Screenshot of web page and inspector

And here's the output that I get from Beautiful Soup:

Screenshot of IDE with output

I've tried using urllib instead of requests, and I've tried using different HTML parsers, (html.parser and lxml). All give the same results. Any advice on what might be happening here and how I might get around it to access the data from the table?

import requests
from bs4 import BeautifulSoup
import pandas
import tabula
import html5lib

knox = requests.get("https://covid.knoxcountytn.gov/case-count.html")
knox_soup = BeautifulSoup(knox.text, 'html5lib')
knox_confirmed = knox_soup.find('div', id='covid_cases').prettify()

print(knox_confirmed)
LuosRestil
  • 169
  • 3
  • 12
  • 2
    please [edit] your question and include your code as a `code` instead of `img`, so we can manually check and verify – αԋɱҽԃ αмєяιcαη Apr 24 '20 at 21:52
  • 1
    Chances are that thetable is being populated using javascript which makes further ajaz calls to get the table content.This javascript isn’t (can’t be) executed when you retrieve it with `requests` - you’ll probably have to use a browser-simulation like selectium which can execute javascript, so you’ll possibly be able to collect the table Good luck! – DisappointedByUnaccountableMod Apr 24 '20 at 21:54
  • And yes don’t put images of code/text into a question - paste the text. – DisappointedByUnaccountableMod Apr 24 '20 at 21:54

2 Answers2

1

Try to disable javascript when you visit https://covid.knoxcountytn.gov/case-count.html and you will see no table. As @barny said the table is generated with javascript so you can't parse it with BeautifulSoup (at least not easily, see How to call JavaScript function using BeautifulSoup and Python).

Xetolone
  • 357
  • 1
  • 12
  • 1
    The post you linked was exactly what I needed!
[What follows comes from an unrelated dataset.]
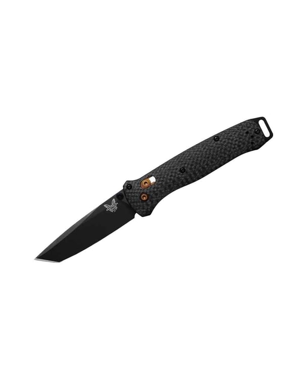 Built for those who venture far off the beaten path, the 537BK-10 Bailout is an ultralight folder that doesn’t compromise on strength. Designed for both tactical and everyday carry, it features a diamond-textured carbon fiber handle for reduced weight and a tough CPM-S90V tanto blade with a black Cerakote finish. Dark copper hardware adds a refined touch to this rugged performer, making it a capable companion for demanding trails and daily tasks alike.
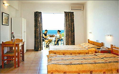 Een mooie, informele accommodatie met een prachtig uitzicht op de haven van van het vakantieoord Bali. Sofia Hotel - Mythos Beach ligt op 50m van een zandstrand en de haven van Bali (voor de ligbedden en parasols geldt een toeslag). Het complex bestaat uit twee hotels (Sofia en Mythos Beach) die nu als 1 hotel opereren. Het Aparthotel Sofia - Mythos Beach heeft 1-persoonskamers, tweepersoonskamers en familie-appartementen. Bij het hotel behoren twee zonneterassen, een zwembad, een restaurant en een snackbar. Er zijn verschillende soorten kamers, studio's en appartementen te huur in dit hotel. De studio's bestaan uit een gecombineerde woon-/slaapkamer met een kitchenette en ze hebben een priv� badkamer. De appartementen hebben dezelfde inrichting, maar hebben als extra een afzonderlijke slaapkamer. Check beschikbaarheid en prijzen & boek dit hotel in Bali op Kreta - klik hier. |

Using requests-html to render the page's JavaScript got me all the info I needed. Thanks! – LuosRestil Apr 25 '20 at 00:39
0

Website is loaded via JavaScript, so you can't use requestes to render the JS for you. You can use selenium or requests_html etc.

As for now, I've been able to track from where the data is fetched. by checking the XHR traffic been made.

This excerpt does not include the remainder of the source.